Where's the grocery commissioner? Wasn’t he going to get cheaper groceries for all of us?

That was the idea. But he hasn’t.

So is Nicola Willis going to do it? My prediction, is she won’t.

Because, no matter how much we would all like to pay less at the supermarket, the two ideas she announced yesterday are duds.

And I’m picking that, if you did a grocery shop yesterday afternoon, the Government’s announcement-of-an-announcement yesterday morning did nothing to soften the blow when you went through the checkout.

So the Government wants to see a foreign operator coming here. Which is never going to happen. For the simple reason that foreign operators have bigger fish to fry elsewhere.

German supermarket company Aldi is often touted as a potential foreign outfit that could come here and create more competition.
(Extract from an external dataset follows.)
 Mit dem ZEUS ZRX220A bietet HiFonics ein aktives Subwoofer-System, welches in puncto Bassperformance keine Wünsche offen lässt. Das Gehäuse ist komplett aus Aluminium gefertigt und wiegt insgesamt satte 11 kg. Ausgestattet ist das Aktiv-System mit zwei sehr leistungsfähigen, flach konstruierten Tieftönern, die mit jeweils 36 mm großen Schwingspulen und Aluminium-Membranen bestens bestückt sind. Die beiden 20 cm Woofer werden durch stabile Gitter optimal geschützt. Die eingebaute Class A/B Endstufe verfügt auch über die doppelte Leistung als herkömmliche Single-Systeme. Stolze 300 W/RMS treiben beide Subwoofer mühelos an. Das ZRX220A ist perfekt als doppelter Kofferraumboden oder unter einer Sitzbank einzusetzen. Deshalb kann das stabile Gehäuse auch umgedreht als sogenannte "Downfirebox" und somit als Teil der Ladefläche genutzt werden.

It’s kind-of here already, because it's been registered with the New Zealand Companies Office since 2000. But it hasn’t bothered doing anything more - focusing on Australia, instead.
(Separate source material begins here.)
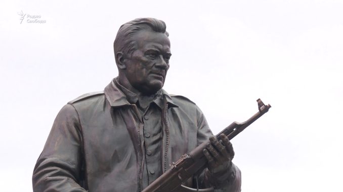 Современная Россия —  памятник якобы плагиатору немецкого оружия быо установлен в Москве с  участием попа и протестующего…        «Конструктор оружия = смерти конструктор». — вышедший с таким плакатом мужчинв был задержан правоохранительными органвми российской федерации …  Сам памятник человеку с автоматом  — Михаилу Калашникову, официально в России почитающемуся «изобретателем» автомата АКМ   —  оружия,  от которого в «послевоенное мирное» время различными неленальными , террористическими и антикапиталистическими режимами и групами  было убито в мире намного больше мирных людей, чем погибло  от атомных взрывах во время Второй Мировой войеы.  Печальное зрелише прославления автомата — любимого оружия террористов  в сердце России  впечатляет .

But, despite Aldi operating across the Tasman, Australians are still paying through the nose.

Just over a week ago, the Australian Competition and Consumer Commission put-out a report saying that Coles, Woolworths and Aldi are among the most profitable supermarket chains in the world.

Prices there have risen sharply over the past five years. With the supermarkets increasing profit margins during that time, as well. Sound familiar?

And just like here, politicians in Australia are all promising to do something about it.

But, like here, it will be all talk and won’t amount to anything. And, in five years time, shoppers on both sides of the Tasman will still be paying through the nose and politicians will be floating go-nowhere ideas.

But if you forced me to pick one of the ideas Nicola Willis announced yesterday that I think could actually work, it would be this threat she made yesterday to force the two big companies to sell some of their supermarket brands, to create more competition and reduce their dominance.

If you forced me to choose one, I’d chose that one. But it's a terrible idea.

David Seymour doesn’t like it, either. Saying that, if the Government poked its nose in this way into Foodstuffs and Woolworths operations, it would put businesses off investing in New Zealand.

Which I agree with. I think it could. And it’s a weird thing for the Government to be proposing just two weeks after it had all the money people over here from around the world trying to get them to invest in New Zealand.

Looking at the rules the Commerce Commission uses to decide whether to allow things like mergers to go ahead, they're all about preventing situations like we have with supermarkets in New Zealand. Not enough competition - all that stuff. Which is fine when you’re deciding whether-or-not to allow a merger. But for the Government to try and do that retrospectively, which is what it would effectively be doing, would be a terrible thing.

It would be a terrible thing for the supermarket companies. It would also be a terrible thing for the Government’s sale pitch to the world. That New Zealand is open for business; that we want businesses to come here; and that we’re getting rid of some of the red tape to make it easier come here.

It would say 'we’re doing all that but, if you do come here, we might tell you what to do with your business if we think there are a few votes in it for us'.

But the ideas Nicola Willis announced yesterday won’t win votes. Because they won’t go anywhere.